Given these entries, repeat exactly the lines starting with the one that has "Le sautoir MELINDA" and going on through the one that has "Put the contents", both included, but none of the pictures.

* Data for the task

^^^^

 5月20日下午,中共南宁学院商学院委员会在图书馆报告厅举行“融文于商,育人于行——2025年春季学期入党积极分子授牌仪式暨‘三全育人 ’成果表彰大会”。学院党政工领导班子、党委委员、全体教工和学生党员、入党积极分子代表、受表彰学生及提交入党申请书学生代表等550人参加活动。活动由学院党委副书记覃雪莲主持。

^^^^

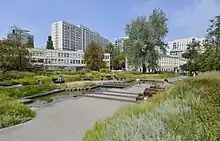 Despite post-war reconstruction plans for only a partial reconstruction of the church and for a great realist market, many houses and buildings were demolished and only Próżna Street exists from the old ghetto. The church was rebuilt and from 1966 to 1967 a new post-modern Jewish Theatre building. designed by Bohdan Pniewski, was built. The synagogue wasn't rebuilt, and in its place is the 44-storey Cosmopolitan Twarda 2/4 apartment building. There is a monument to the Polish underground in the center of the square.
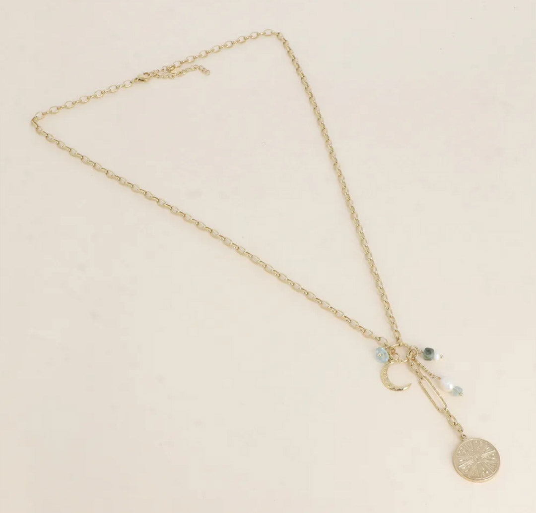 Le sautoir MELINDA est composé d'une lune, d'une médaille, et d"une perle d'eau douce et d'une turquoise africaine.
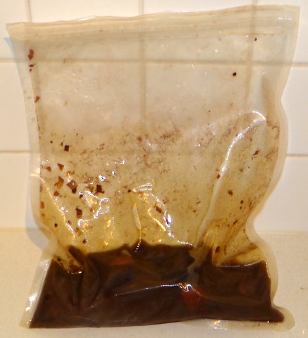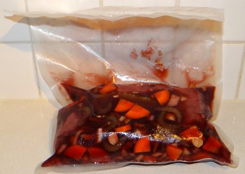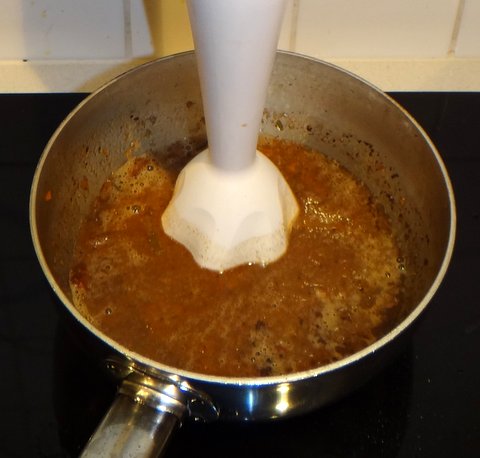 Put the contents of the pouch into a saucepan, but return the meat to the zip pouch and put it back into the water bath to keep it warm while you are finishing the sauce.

^^^^

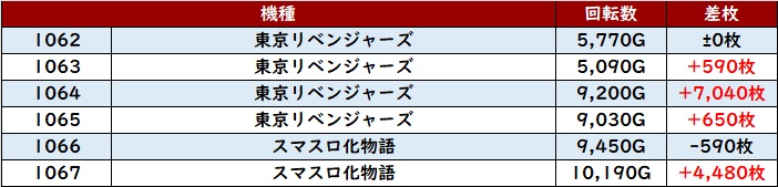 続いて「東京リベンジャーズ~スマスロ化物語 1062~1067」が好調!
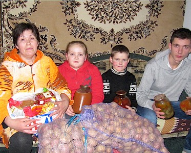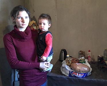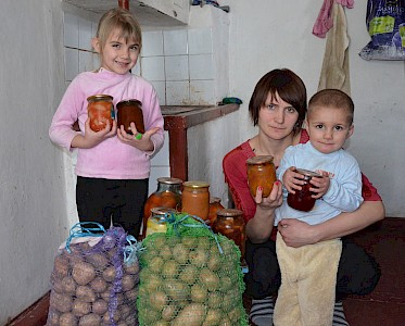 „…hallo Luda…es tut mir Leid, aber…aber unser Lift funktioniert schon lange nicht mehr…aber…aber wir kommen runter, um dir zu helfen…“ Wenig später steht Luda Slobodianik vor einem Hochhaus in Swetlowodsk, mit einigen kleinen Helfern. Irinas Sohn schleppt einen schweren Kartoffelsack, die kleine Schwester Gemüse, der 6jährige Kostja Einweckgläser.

^^^^

* Result
 Le sautoir MELINDA est composé d'une lune, d'une médaille, et d"une perle d'eau douce et d'une turquoise africaine.
 Put the contents of the pouch into a saucepan, but return the meat to the zip pouch and put it back into the water bath to keep it warm while you are finishing the sauce.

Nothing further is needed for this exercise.